### Instructions for the task:
The answer must consist solely of the lines from the start of the records through the line containing "unggahan itu dibuat", restated word for word, with no pictures.

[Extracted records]

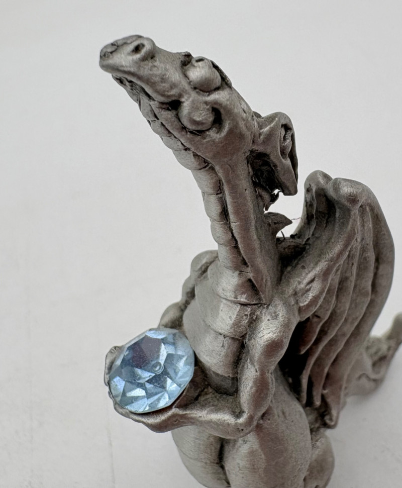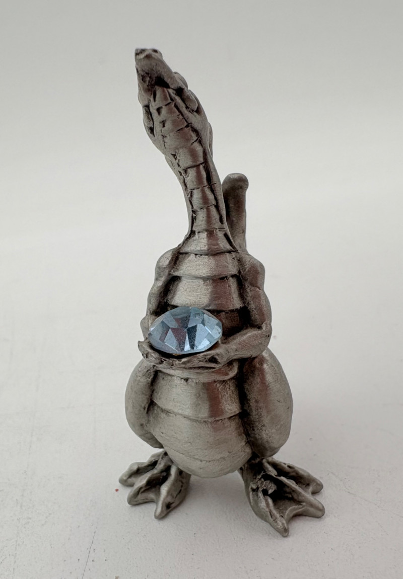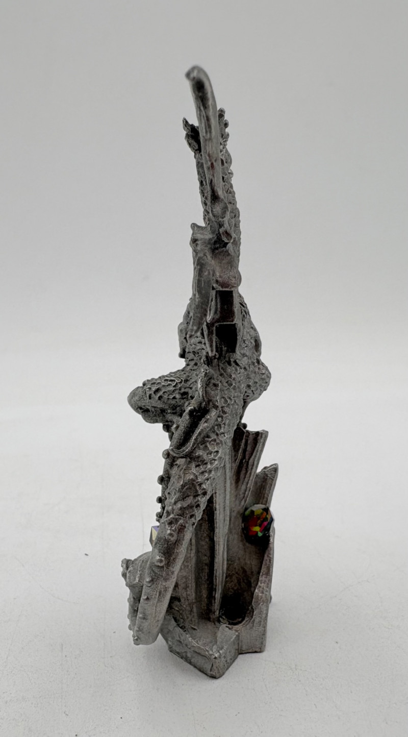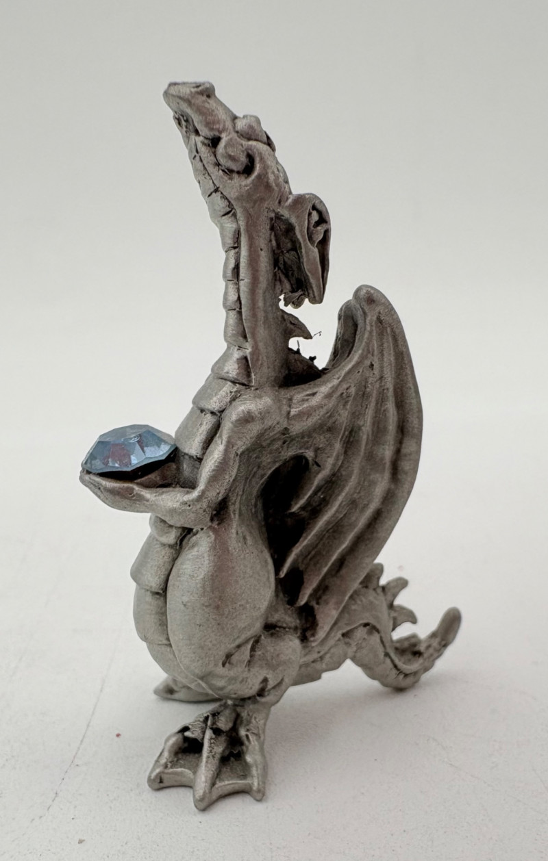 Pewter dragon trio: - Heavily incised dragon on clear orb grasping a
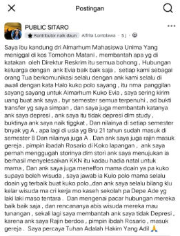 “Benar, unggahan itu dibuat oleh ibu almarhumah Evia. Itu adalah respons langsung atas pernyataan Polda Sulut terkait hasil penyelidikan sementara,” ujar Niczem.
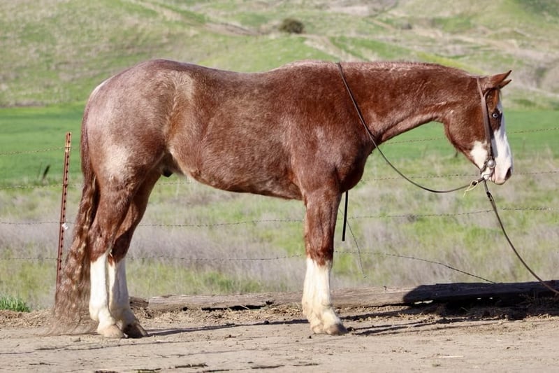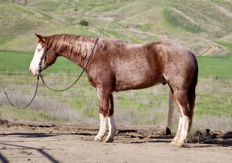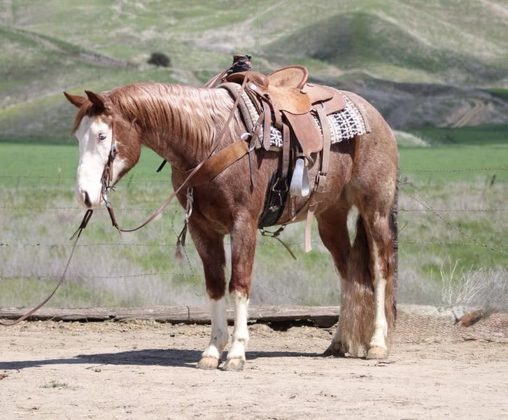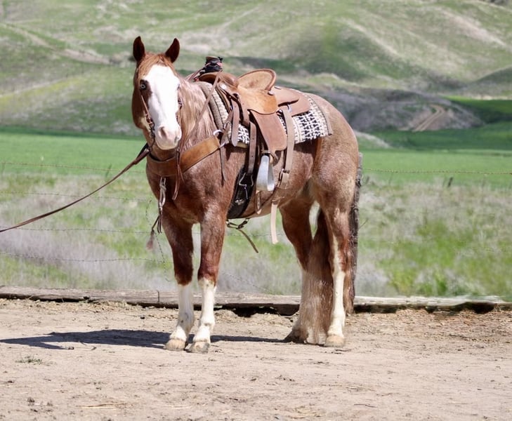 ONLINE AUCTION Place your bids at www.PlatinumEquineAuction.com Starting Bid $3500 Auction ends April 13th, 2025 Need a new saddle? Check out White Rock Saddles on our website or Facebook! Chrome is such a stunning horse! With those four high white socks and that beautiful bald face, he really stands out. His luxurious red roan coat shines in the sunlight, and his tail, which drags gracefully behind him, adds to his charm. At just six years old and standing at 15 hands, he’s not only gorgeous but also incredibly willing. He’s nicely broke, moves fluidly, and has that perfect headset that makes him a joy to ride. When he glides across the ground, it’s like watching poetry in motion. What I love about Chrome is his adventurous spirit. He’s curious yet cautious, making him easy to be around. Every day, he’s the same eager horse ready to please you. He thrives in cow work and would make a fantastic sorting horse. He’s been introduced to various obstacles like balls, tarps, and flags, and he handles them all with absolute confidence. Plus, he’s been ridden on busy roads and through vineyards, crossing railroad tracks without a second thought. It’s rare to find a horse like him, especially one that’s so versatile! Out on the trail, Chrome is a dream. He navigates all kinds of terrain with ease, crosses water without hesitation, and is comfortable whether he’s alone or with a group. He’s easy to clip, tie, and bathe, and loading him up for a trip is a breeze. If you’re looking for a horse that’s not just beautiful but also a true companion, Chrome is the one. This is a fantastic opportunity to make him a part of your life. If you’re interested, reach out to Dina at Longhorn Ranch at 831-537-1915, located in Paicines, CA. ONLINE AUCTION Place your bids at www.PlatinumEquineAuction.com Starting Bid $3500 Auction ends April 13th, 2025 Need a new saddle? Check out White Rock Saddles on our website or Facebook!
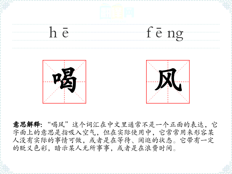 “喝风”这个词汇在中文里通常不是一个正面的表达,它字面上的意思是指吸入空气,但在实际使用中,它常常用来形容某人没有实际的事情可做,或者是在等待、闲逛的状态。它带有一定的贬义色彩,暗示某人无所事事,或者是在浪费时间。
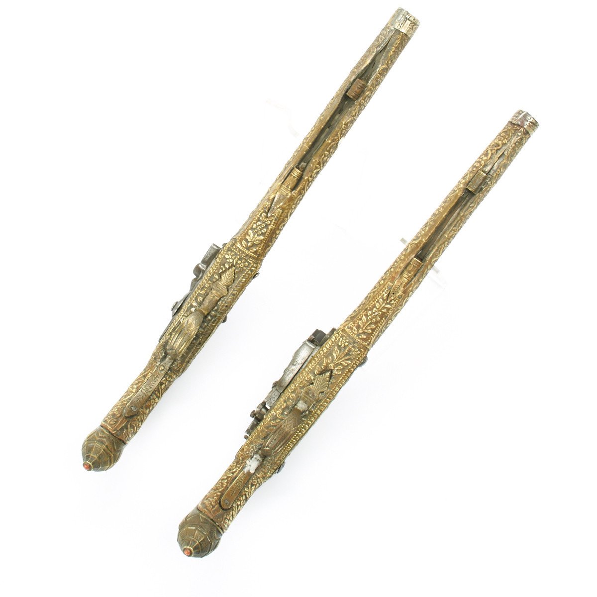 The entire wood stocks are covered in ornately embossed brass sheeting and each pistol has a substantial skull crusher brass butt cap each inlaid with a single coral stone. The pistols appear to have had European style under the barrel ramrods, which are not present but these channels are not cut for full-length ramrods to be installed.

### Task response:
 Pewter dragon trio: - Heavily incised dragon on clear orb grasping a
 “Benar, unggahan itu dibuat oleh ibu almarhumah Evia. Itu adalah respons langsung atas pernyataan Polda Sulut terkait hasil penyelidikan sementara,” ujar Niczem.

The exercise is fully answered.